He shall be called a Nazarene.
He shall be called the Nazarene. Matthew is
presenting the statement as if it's from the
Old Testament, from the Tanakh, but there is
no such statement
in the Old Testament.
In the gospel of Luke, Jesus is called
Soter in Greek, which means savior.
Although, there's different ways of understanding that term
in Luke,
but the main thing about Luke is Jesus
becomes now this universal
messenger,
universal prophet.
Jesus becomes this sort of quasi,
Aristotelian
philosopher,
where
he is,
expounding,
truths
through a parable. I mean, we get some
of that obviously in Matthew
and Mark as well, but especially
in Luke because Luke is trying to appeal
to a Gentile audience, a Greco Roman audience.
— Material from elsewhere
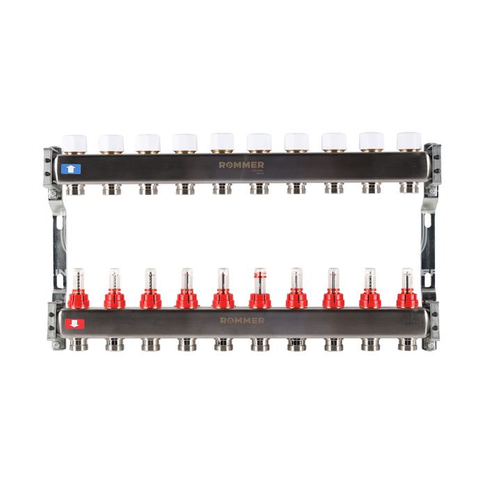 Распределительный коллектор (группа) с расходомерами Rommer RMS-1200-000010 ВР 1", на 10 контуров 3/4" EK, нержавеющая сталь
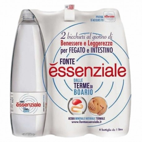 Acqua Essenziale litro Pet x 6 bottiglie dalle Terme di Boario povera di sodio e ricca di solfati e magnesio indicata per depurare il fegato e stimolare l'intestino

And then finally, in the gospel of John,
Jesus is called the word, the logos,
the word made flesh,
made divine incarnation.
So
today then, we're going to look at
the Nicene Creed. This is an Orthodox
Christian creed.
When I say Orthodox I'm talking about Trinitarian
Christianity.
And this creed was
ratified in the early 4th century
of the common era,
following the council of Nicaea in 325
of the common era.
Before the council of Nicaea, you have
many different types of Christians,
many different types of Christianities,
too numerous
to even mention here. It would take a
seminar to mention
what was happening,
in the first, 3 or 4 centuries of
the Christian era with the Christian religion.
You had Christians who believed
that
that Jesus, peace be upon him, was only
a human.
You had other Christians who believed that he
was only god.
You have Christians who believed that he was
one of many gods.
You have Christians who believed that he was
the only god.
You have Christians,
who believed
that he didn't have a physical body.
He was a phantasm.
There were Christians who believed that he was
both divine and human.
You had Christians who believed that not only
was he both divine and human,
that he became divine
at his birth.
You had Christians who believed that he became
divine at his baptism.
There were Christians who believed that he became
divine at his resurrection.
It's called exaltation Christology.
You had Christians who believed that he was
always divine,
right, that he was the preexistent
or pre eternal son, that he was the
logos. Again, this is a Greek
idea. You had Christians who believed that there
were 3 gods.
You had Christians who believed there was 1
god,
but this god had 3 different modes, father,
son, and holy spirit.
Like god putting on 3 different masks. One
person of god
who has sort of 3 modes. So he
father and then he
totally became
the son
and then he becomes the spirit,
resurrects the son, he becomes the son again,
and then he becomes the father again.
This type of Christology
is called modal
monarchianism
or Sabellianism.
So you have
many, many types of Christianity.
Now
Constantine,
who was the first Christian emperor,
he wanted
unity in his empire.
And so after defeating his rivals to the
throne,
he called for this council, the Council of
Nicaea, very important council,
325 of the Common Era,
the first so called ecumenical
world church council.
Although all of the bishops
that attended
believed
already that Jesus,
some,
peace be upon him, was divine in some
way.
Right?
Although that is debatable, but certainly
there were no Ebonites
present at the council. You know, Nazarenes, there
weren't any Jewish Christians
that were at the council. The Jewish Christians,
were
extinct by this time.
And and if they were still,
practicing and there were pockets of them, they
certainly were not going to be invited to
the council of Nicaea. So it's not really
an ecumenical or universal or world
church council.
So Constantine called for this,
this council,
and there's a lot of,
sort of
misinformation
as to what actually happened at this council.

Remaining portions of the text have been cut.